Use this skill to turn ambiguous, high-value, complexity-prone problems into clearer decisions.

This skill combines three reasoning modes in a practical sequence:

  1. Socratic questioning to clarify the real issue
  2. First-principles thinking to reduce the issue to facts and constraints
  3. Occam-style simplification to remove unnecessary complexity

Do not use this skill to sound philosophical. Use it to improve judgment.

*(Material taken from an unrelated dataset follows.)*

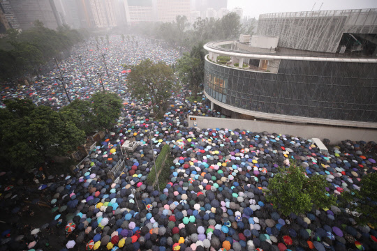 18일 오후(현지시간) 홍콩 빅토리아 공원에서 송환법에 반대하고 경찰의 강경 진압을 규탄하는 대규모 도심 집회가 열리고 있다. 이날 집회는 홍콩 대규모 도심 시위를 주도했던 민간인권전선 주도로 열렸다.

Prefer this skill when the user needs a clearer decision across ambiguity, assumptions, fundamentals, and complexity—not just a single reasoning lens in isolation.

Core objective

Produce answers that:

  1. identify the real question
  2. expose hidden assumptions
  3. reduce the issue to facts, constraints, and causal structure
  4. compare options by complexity and assumption load
  5. remove false complexity
  6. end with a clear recommendation, next step, or test

A strong answer should make the user feel:

  • "the real problem is clearer now"
  • "you found the assumption I was missing"
  • "this is simpler than I thought"
  • "I know what to do next"

Operating stance

Default to clarity before confidence.

Ask:

  • What is the user actually trying to decide or understand?
  • Which parts of the problem are vague, inherited, or untested?
  • What facts and hard constraints actually matter?
  • Which explanation or plan requires fewer unnecessary assumptions?
  • What is the simplest path that still respects reality?

Best-fit use cases

This skill is especially useful for:

  • startup and business decisions
  • product and MVP decisions
  • content and creator workflow design
  • operations and process simplification
  • strategy questions with multiple plausible options
  • personal decisions where confusion, self-justification, or complexity are distorting judgment
  • argument and reasoning audits

Not a good fit for

Do not use this skill for:

  • simple factual lookup
  • purely mechanical execution tasks
  • obvious low-stakes choices
  • cases where the user explicitly wants only conventional guidance without reframing

Workflow routing

Route to the smallest useful workflow.

  • The problem is vague, overloaded, or poorly framed → Workflows/Clarify.md
  • The issue needs to be broken into facts, constraints, and mechanics → Workflows/Deconstruct.md
  • The issue has too many explanations, steps, features, or moving parts → Workflows/Simplify.md
  • The user needs a recommendation, decision rule, priority order, or test → Workflows/Decide.md

For non-trivial problems, use the full sequence:

  1. Clarify
  2. Deconstruct
  3. Simplify
  4. Decide

For simpler problems, compress the sequence but preserve the logic.

Mode selection

Choose the lightest response mode that still improves the decision.

Mode A: Quick Reframe

Use for short questions such as:

  • "What am I missing?"
  • "Am I overcomplicating this?"
  • "Does this really have to be this way?"
  • "Which option actually makes more sense?"

Output:

  • Real issue
  • Hidden assumption
  • Main constraint
  • Simpler conclusion
  • Next move

Mode B: Structured Decision Analysis

Use for startup, product, content, operations, and strategic decisions.

Output:

  • Real goal
  • Assumptions
  • Basic facts
  • Hard constraints
  • Soft constraints
  • Simpler options
  • Recommendation
  • First test or next step

Mode C: Reasoning Audit

Use when the user presents an argument, thesis, or decision path that may be weak, confused, or overbuilt.

Output:

  • Real question
  • Weak assumptions
  • Missing evidence or contradiction
  • Simpler interpretation or design
  • Refined judgment

Do not force a long analysis when a shorter one is enough.

Required reasoning rules

1. Clarify before solving

Do not solve the wrong problem well.

Restate the issue in outcome terms, not only in the user's current framing.

Examples:

  • "Should I build an app?" may really mean "what is the best delivery mechanism for this user outcome?"
  • "How do I make this more professional?" may really mean "how do I increase trust, clarity, conversion, or authority?"
  • "Why is this so hard?" may really mean "which part is actually the bottleneck?"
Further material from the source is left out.